Counterarguments and Supporting Perspectives

While the SEC’s cautious stance is grounded in prudence, some scholars argue that delaying convergence might hinder the benefits of international comparability and capital market efficiency (Ballas & Papadakis, 2016). Proponents advocate for a faster transition to foster cross-border investment, reduce informational asymmetries, and streamline multinational financial reporting. However, the complexities outlined above suggest that a premature adoption may lead to unintended consequences, including reduced transparency and increased compliance costs.

Conclusion

In conclusion, the SEC's decision to delay the convergence to IFRS by 2015 reflects careful consideration of systemic, comparability, and regulatory challenges. Although international harmonization remains a

desirable goal, the intricacies involved warrant a cautious approach. Ensuring a robust, transparent, and enforceable global accounting framework requires addressing these challenges systematically, which justifies the SEC’s position for a gradual transition. Future developments should focus on strengthening international standards, enhancing enforcement mechanisms, and gradually aligning national practices to maximize the benefits of convergence without compromising market stability.

References

- Ballas, A., & Papadakis, P. (2016). International financial reporting standards and investor perception: An empirical analysis. *Accounting and Finance Journal*, 52(4), 817-839.

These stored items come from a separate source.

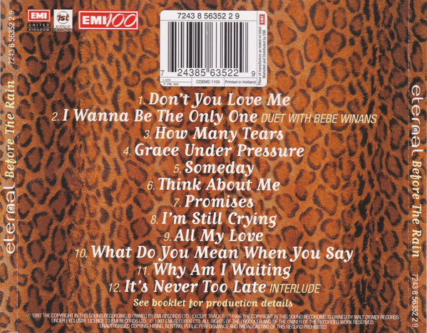 ℗ 1997 The copyright in this sound recording is owned by EMI Records Ltd., except track 5 ℗ 1996 the copyright in the sound recording is owned by Walt Disney Records under exclusive licence to EMI Records Ltd.. © 1997 EMI Records Ltd. "Printed in Holland" on back inlay. "Made in Holland" on disc. There's a similar release "Made in the UK" by EMI Swindon.
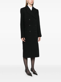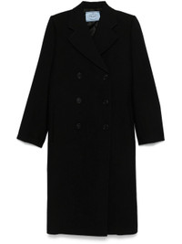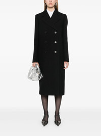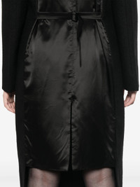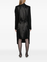 black virgin wool textured finish panelled design double-breasted button fastening notched lapels shoulder pads long sleeves two front jetted pockets satin panelling adjustable strap to the rear central rear vent asymmetric hem mid-length - Color: BLACK - Made in: Italy - Designer Style ID: P601S S OOO 15UW F0002 Composition and care Lining Composition Viscose: 100.0%, Outer Composition Virgin Wool: 100.0%
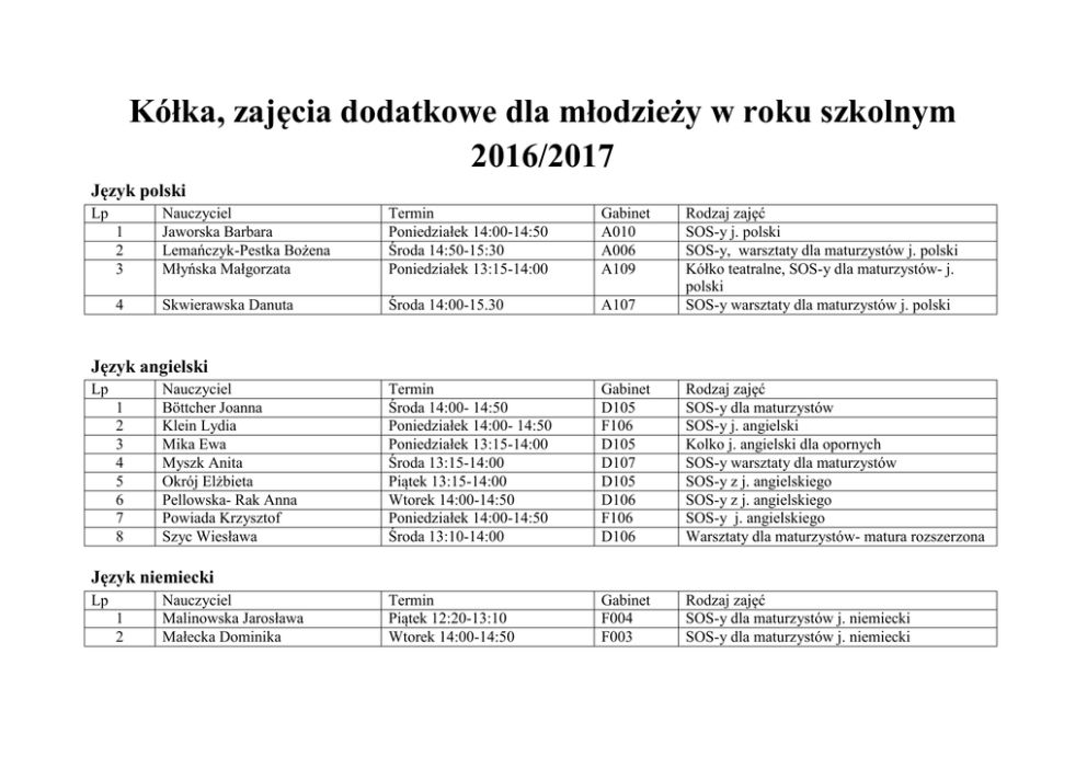 Kółka, zajęcia dodatkowe dla młodzieży w roku szkolnym 2016/2017
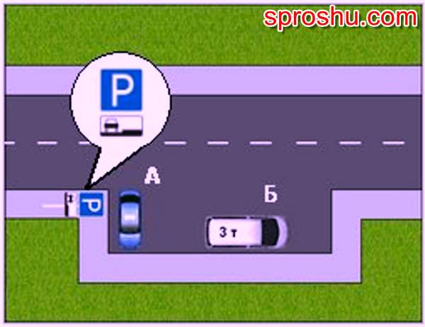 При наличии данного знака " парковка" в нашем случае с табличкой " способ постановки транспортного средства на стоянку" все автомобили ( грузовые, легковые) должны быть поставлены только параллельно краю проезжей части. Следовательно, водитель автомобиля А нарушил правила.
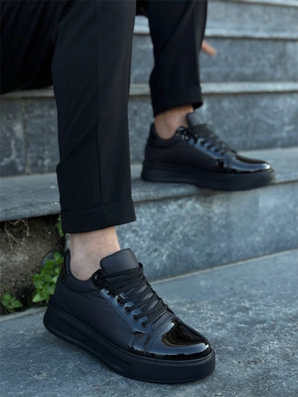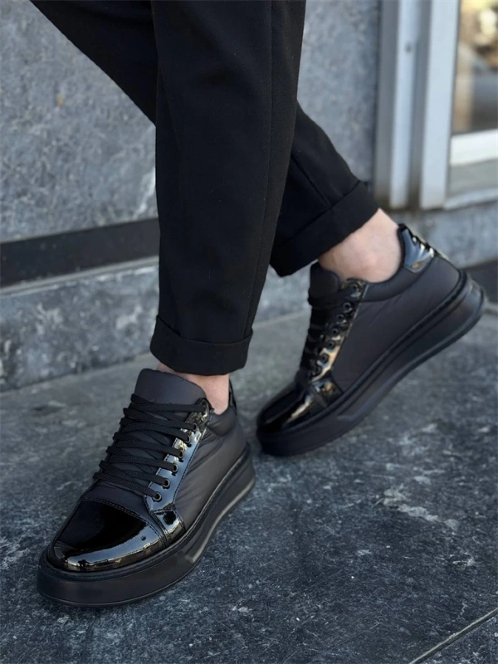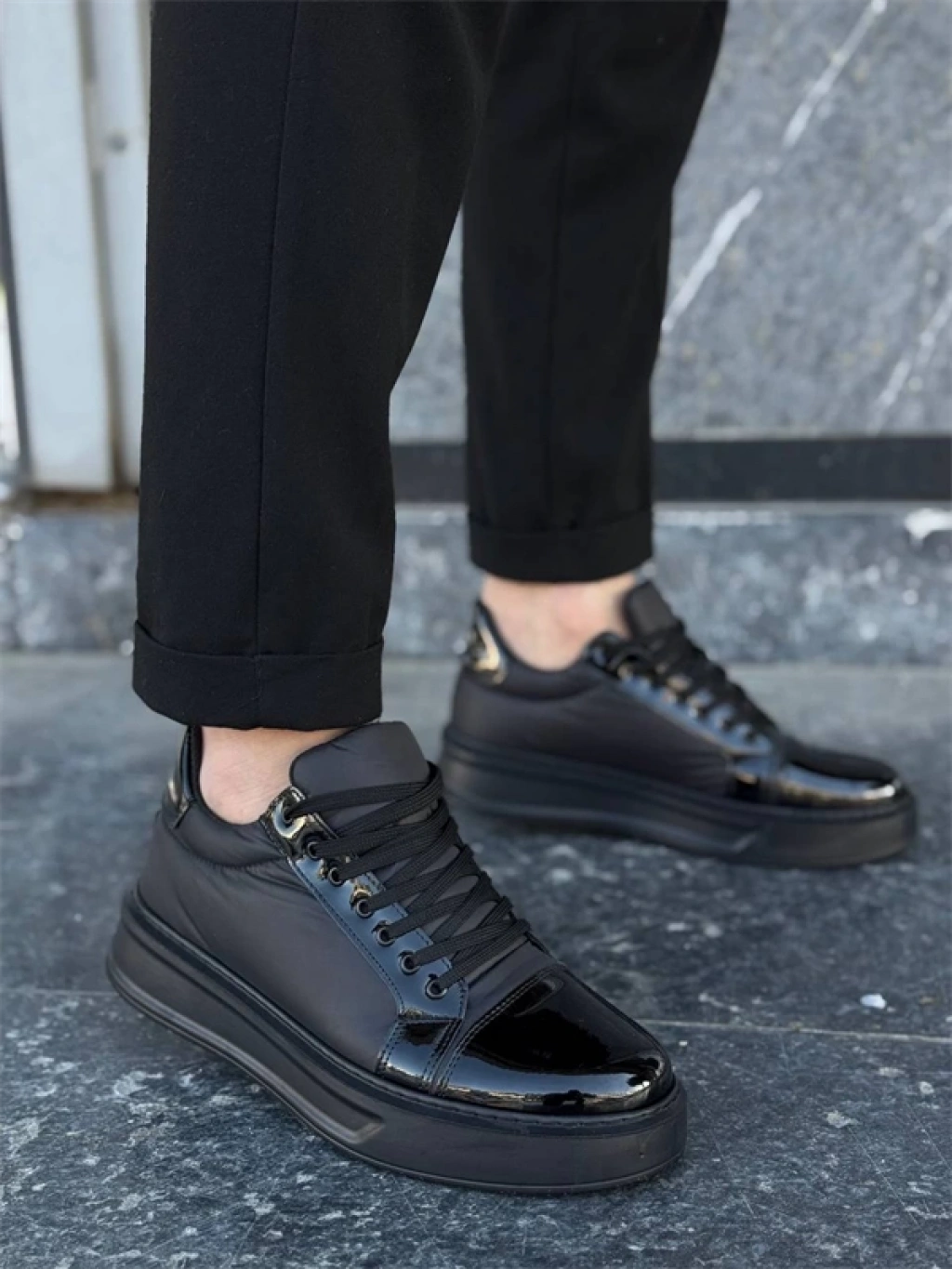 KB-X46 Kuback Siyah Rugan Yüksek Siyah Taban Günlük Spor Ayakkabı
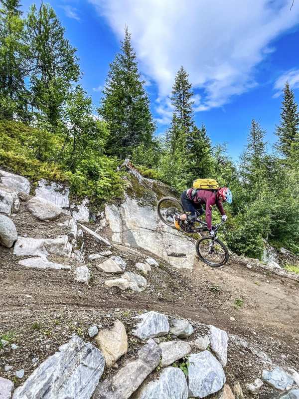 Named after the wild berries that grow prolifically here, the flow is endless, except when it’s not because of the tumble of yet-to-be-placed boulders beside the waterfall that Glen promises will be a ‘blue’ trail when finished. Right now, we struggle to clamber over these massive rocks at the construction site, struggling with our bikes – what Glen describes seems unimaginable. But having said that, we have seen what World Trail has achieved in other places, so we don’t doubt him.

- Johnson, R., & Venkatesh, S. (2019). Regulatory challenges in IFRS adoption: Oversight and enforcement issues. *Journal of International Accounting Research*, 18(1), 45-67.

- Owens, R. & Sonntag, K. (2017). The impact of IFRS convergence: An analysis of U.S. preparers' perceptions. *Journal of Business Finance & Accounting*, 44(7-8), 962-991.

- Zhang, L. (2018). Variations in IFRS implementation: Implications for comparability and investor trust. *International Journal of Accounting*, 53(2), 245-268.